The battle began with an attack by the Mongols. The Tumen of Kitbugi crashed into the vanguard of Baybars and after an extremely fierce battle the Mamluks began to retreat. Perhaps it was this initial bitterness that clouded the mind of the natural nomad Kitbugi. He rushed to pursue the retreaters, without even suggesting that this retreat could be false - and yet the tactics of a false retreat were one of the foundations of Mongolian military science. Kitbuga did not take into account that he was opposed by essentially the same nomads, only former ones - and he was caught. When his tumens were sufficiently involved in the pursuit, from behind the low hills the Mongol army was attacked from both flanks by the Mamluks of Qutuz. Baibars's vanguard turned around and also struck at the confused Mongols.

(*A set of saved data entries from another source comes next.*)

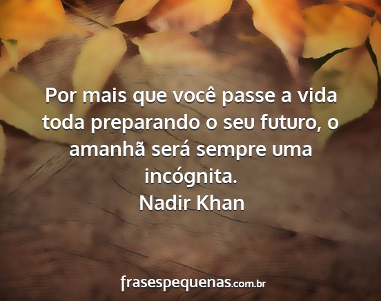 Por mais que você passe a vida toda preparando o seu futuro, o amanhã será sempre uma incógnita.Nadir Khan
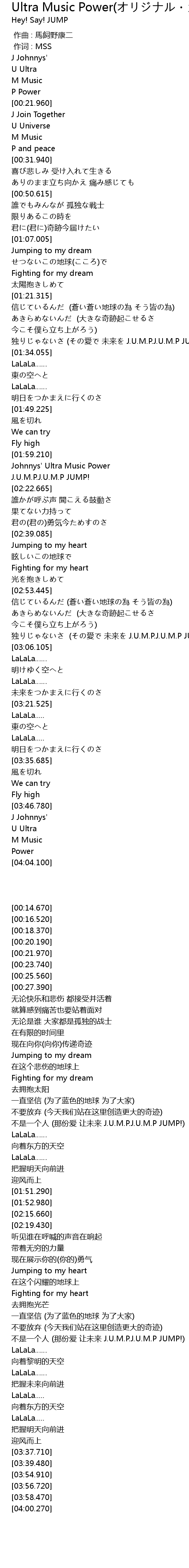 | [02:15.660] | Johnnys' Ultra Music Power |
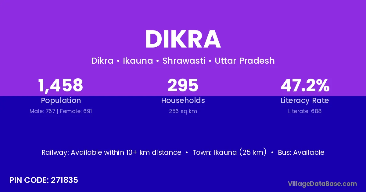 Dikra village is located in the Ikauna Tehsil of the Shrawasti district in Uttar Pradesh .

The defeat of the Mongol army was complete. Almost no one was able to escape the hellish ring of death. The Mongol commander Kitbuga himself was also captured: he was later executed on the orders of Kutuz. Only a very small part of the Mongol army managed to escape, but, pursued by the Mamluks, they fled far to the north. It is also interesting that in this battle, as at Chaillot, unusual weapons were used, only now not by the Mongols, but by their opponents. At the Battle of Ain Jalut, a series of ingenious means were used to frighten the Mongol horses and throw chaos into the enemy ranks: incendiary arrows, rockets, small midfa cannons, “spark throwers” ​​tied to spears, bundles of gunpowder firecrackers on poles. To avoid getting burned themselves, their wearers dressed in thick woolen clothes and covered exposed parts of their bodies with talcum powder. This is one of the earliest uses of gunpowder known to us in history.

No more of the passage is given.